Do you have any examples with numbers to show? To get a feel for the significance of the THD level changes? Is your data somewhere in here?
Often we see talk of THD FFT with stable supplies assumed. Fine assumption for preamps, maybe, but not power amps applied to low efficiency speakers and at high peak levels (dynamics), low Z and high SPL.... in other words.... The real world apps. for PA's.
Thx-RNMarsh
That gave me a question:
If a 25 watts amplifier needs a gain of 34X to support a "right off the DAC" source, then. . . proportionately and without changing the source. . . how many watts amplifier needs the 6251X gain?
Not on the forum, it was just a quick experiment at the time, nothing saved ...
However, just grabbed the TPC model as provided in December, 2010 and tried a simplistic run: 20kHz, 100W, 4R ...
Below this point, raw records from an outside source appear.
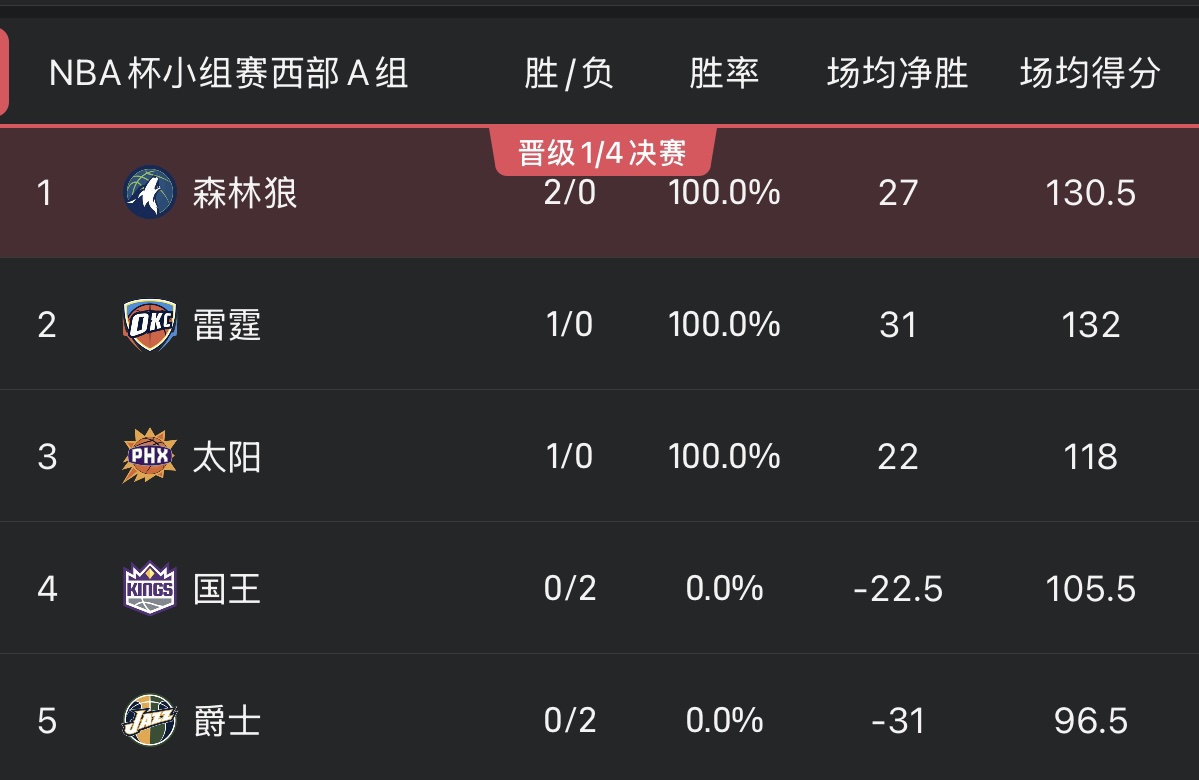 西部A组这边,森林狼强势取得2胜0负的战绩,净胜分则是高达+54,目前占据出线的有利形势,而他们之后与太阳以及雷霆的两场竞赛将会决定本组的出线名额归属。
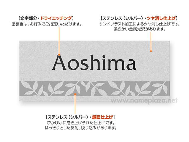 表札 FBDA-S-N4(枝葉のボーダー図案) ファインブラスト W145×H58mm
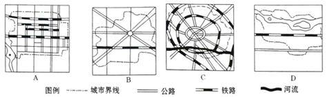 下图为四个规模相近的城市的道路网,其中最利于客、货运输的是
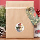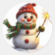 Ein festlicher Schneemann mit rotem Hut und Schal während eines schneebedeckten Winters.
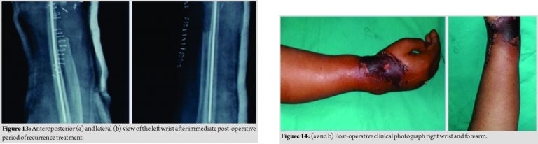 GCT of bone is locally aggressive in nature and is associated with high incidence of recurrence [2,3]. Selection of proper treatment is complicated due to the failure of its histologic appearance to indicate its biology [4,5]. The goal of treatment is to remove the tumor, decreasing the chances of recurrence [6], and preserve the joint function. Among different modalities of treatment available, simple curettage of giant cell tumor is associated with 5–15% rate of local [7], osteonecrosis with liquid nitrogen is associated with high risk of fracture. Intralesional curettage with packing of the defect with methylmethacrylate (bone cement) has become popular [8]. The free radicals and the thermal effects of the polymerization reaction can cause necrosis as much as 2 or 3 mms in the cancellous bone, with lack of donorsite morbidity, and elimination of the risk of transmission of disease associated with the use of allograft bone, immediate structural stability, and potential for earlier detection of local recurrence. This patient having Campanacci Grade 3 tumor recurred in the grafted fibula. This lesion is not amenable to curettage and adjuvant therapy. Hence, only option left is wide excision including carpals (scaphoid, lunate, trapezoid, and capitate) with reconstruction of the joint. The patient refused for fibular grafting, so wide excision with centralization of ulna[1,13,14,15,16,17] was done.
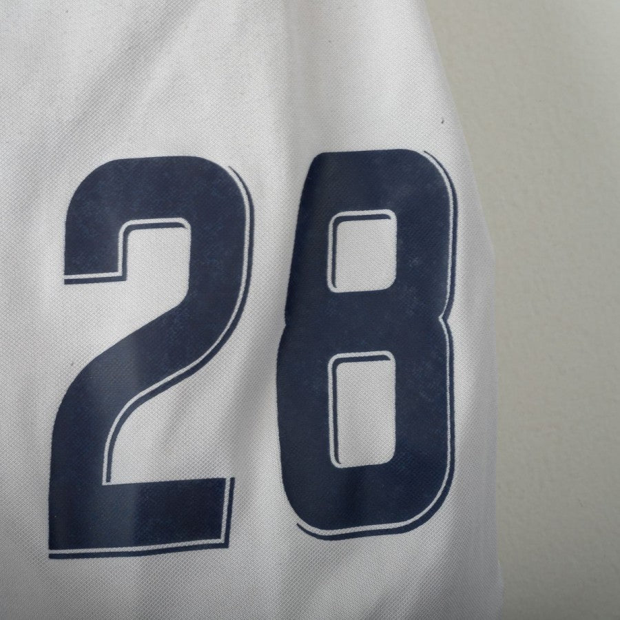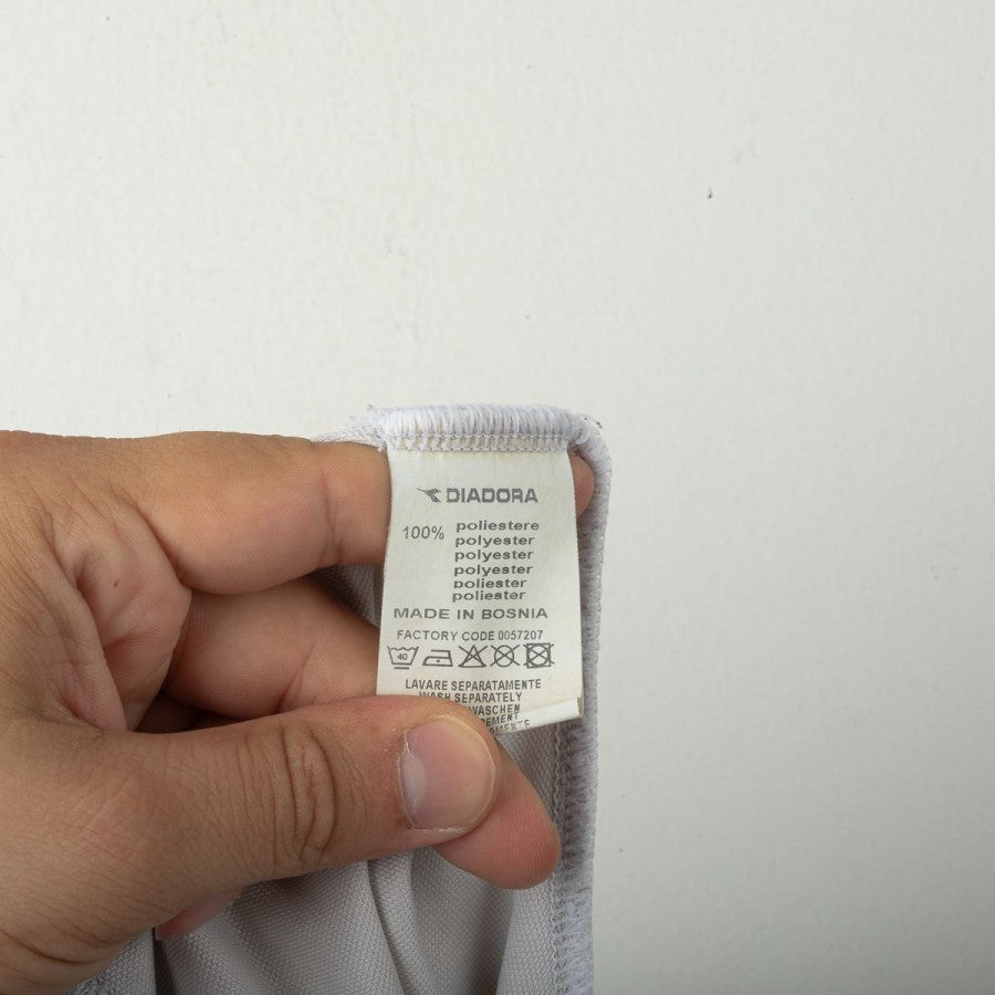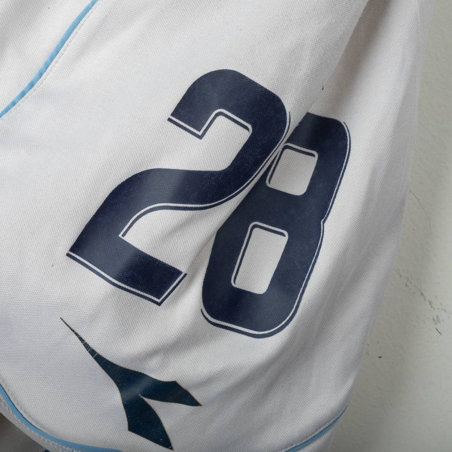 Pantaloncini ufficiali del Napoli stagione 2008/2009, versione home, realizzati dallo sponsor tecnico Diadora. Di colore bianco con dettagli azzurri lungo i lati e numero 28. Presente lo stemma SSC Napoli e il logo Diadora. Taglia XL.

Perfect supplies: 0.00176% distortion
10 mR, only achievable with excellent choice of smoothing caps, and very careful construction: 0.0052%
0.1R, more realistic, much closer to real supplies that would be out there: 0.046%
And this is just assuming a perfect resistance, fed from a perfect voltage - no parasitic inductance, voltage modulation or sag, or other factors ...
The aim of the exercise was to investigate Open Loop THD.
There are some difficulties doing fair comparisons with Open Loop so I matched Loop Gain at 200kHz cos that's where the THD Analyzer runs out when doing 20kHz THD. The Closed Loop gain for the 2 examples were 6251x & 272728x
Red Book CD is 2Vrms FSD. You'd want 20dB gain in hand for a sensible Volume Control so your amp should clip at 200mV i/p
Blameless6 with 272728x gain could be enlarged to have full output of 0.2x272728 = 85.7dBW (8R load) 🙂
THD would be only mediocre but fairly low order.
Those numbers seem realistic and my own similar tests with real live circuits show around a 5-7X or more increase in THD. [give or take... because of this and that].
So this shows up as increased distortion lumped in with other circuit behaviour; Some of it is just caused because the Power Supply has changed its value.
Some of the increase happens when one side of the PS changes relative to the other....but it still happens by about similar amounts in THD when both sides drop as well. Which devices or device parameters are more affected by the PS changes and creating THD in output follower stage? Anyone?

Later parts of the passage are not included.